My Wrapper class is basically a container object to get my list of students:

public Class Wrapper {
    private List<Student> students;
    //getters & setters here
}

I keep getting this error and "wrapper" returns null . I am not sure what's missing. Can someone help please?

org.codehaus.jackson.map.exc.UnrecognizedPropertyException: 
    Unrecognized field "wrapper" (Class Wrapper), not marked as ignorable
 at [Source: java.io.StringReader@1198891; line: 1, column: 13] 
    (through reference chain: Wrapper["wrapper"])
 at org.codehaus.jackson.map.exc.UnrecognizedPropertyException
    .from(UnrecognizedPropertyException.java:53)

Answer 1

You can use Jackson's class-level annotation:

import com.fasterxml.jackson.annotation.JsonIgnoreProperties

@JsonIgnoreProperties
class { ... }

It will ignore every property you haven't defined in your POJO. Very useful when you are just looking for a couple of properties in the JSON and don't want to write the whole mapping. More info at Jackson's website . If you want to ignore any non declared property, you should write:

@JsonIgnoreProperties(ignoreUnknown = true)

Answer 2

You can use

ObjectMapper objectMapper = getObjectMapper();
objectMapper.configure(DeserializationFeature.FAIL_ON_UNKNOWN_PROPERTIES, false);

It will ignore all the properties that are not declared.

Answer 3

The first answer is almost correct, but what is needed is to change getter method, NOT field -- field is private (and not auto-detected); further, getters have precedence over fields if both are visible.(There are ways to make private fields visible, too, but if you want to have getter there's not much point)

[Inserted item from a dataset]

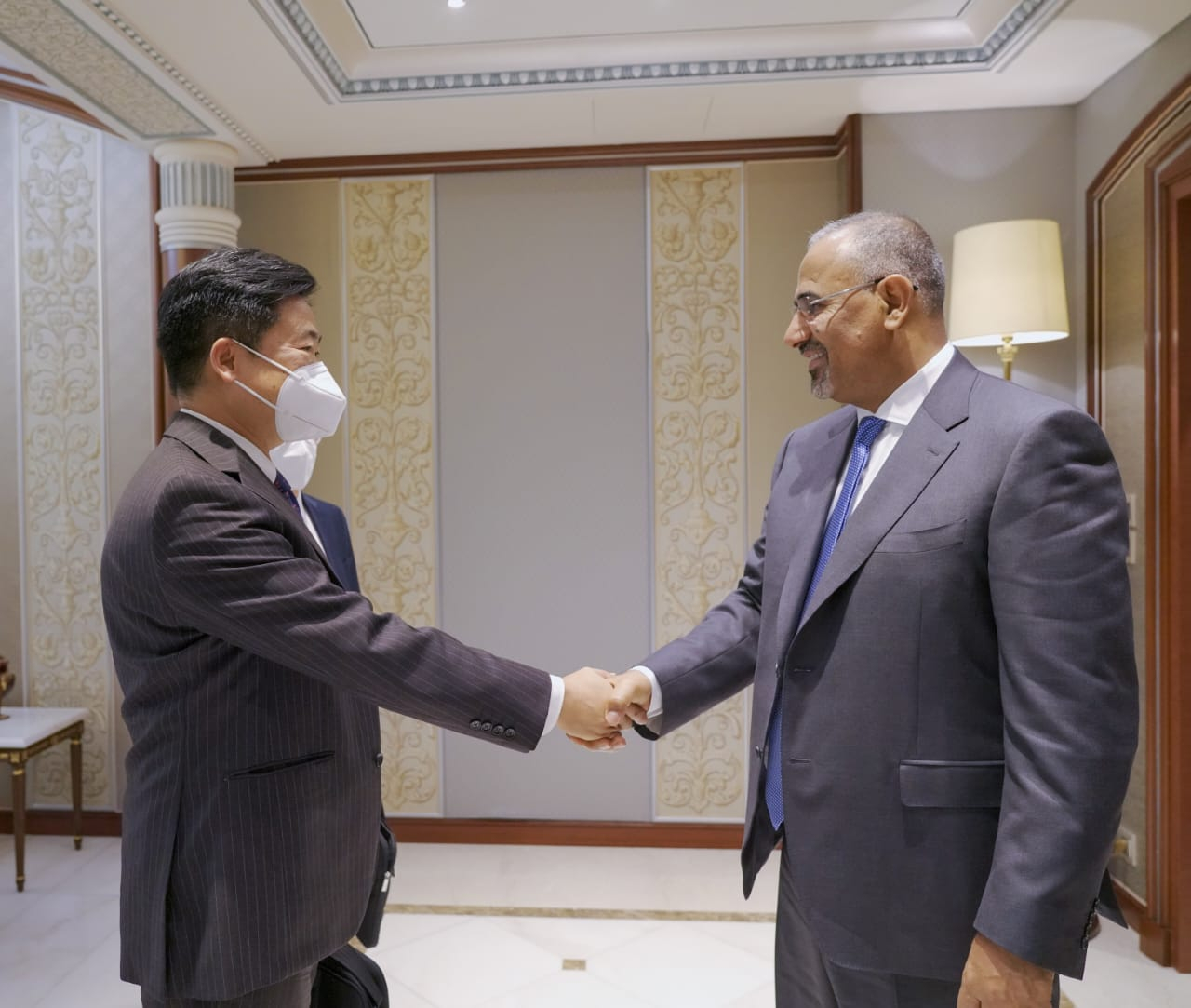 وأثنى الرئيس الزُبيدي في اللقاء، على دور الصين الفاعل في الدفع بجهود إحلال السلام في بلادنا، ودورها الإغاثي لتخفيف المعاناة الإنسانية في المحافظات المُحررة، ودعمها اللامحدود لجهود التنمية في بلادنا عن طريق الاستثمارات في قطاع الصناعات الصغيرة والمتوسطة، وفي مجال التدخلات الطارئة لتأهيل البنية التحتية التي دمرتها الحرب.

So getter should either be named getWrapper() , or annotated with:

@JsonProperty("wrapper")

If you prefer getter method name as is.

Answer 4

using Jackson 2.6.0, this worked for me:

private static final ObjectMapper objectMapper = 
    new ObjectMapper()
        .configure(DeserializationFeature.FAIL_ON_UNKNOWN_PROPERTIES, false);

and with setting:

@JsonIgnoreProperties(ignoreUnknown = true)

Answer 5

it can be achieved 2 ways:

1. Mark the POJO to ignore unknown properties

   @JsonIgnoreProperties(ignoreUnknown = true)

2. Configure ObjectMapper that serializes/De-serializes the POJO/json as below:

    ObjectMapper mapper =new ObjectMapper(); // for Jackson version 1.X mapper.configure(DeserializationConfig.Feature.FAIL_ON_UNKNOWN_PROPERTIES, false); // for Jackson version 2.X mapper.configure(DeserializationFeature.FAIL_ON_UNKNOWN_PROPERTIES, false)

Answer 6

This just perfectly worked for me

ObjectMapper objectMapper = new ObjectMapper();
objectMapper.configure(
    DeserializationConfig.Feature.FAIL_ON_UNKNOWN_PROPERTIES, false);

@JsonIgnoreProperties(ignoreUnknown = true) annotation did not.

Answer 7

Adding setters and getters solved the problem , what I felt is the actual issue was how to solve it but not how to suppress/ignore the error. I got the error " Unrecognized field.. not marked as ignorable.. "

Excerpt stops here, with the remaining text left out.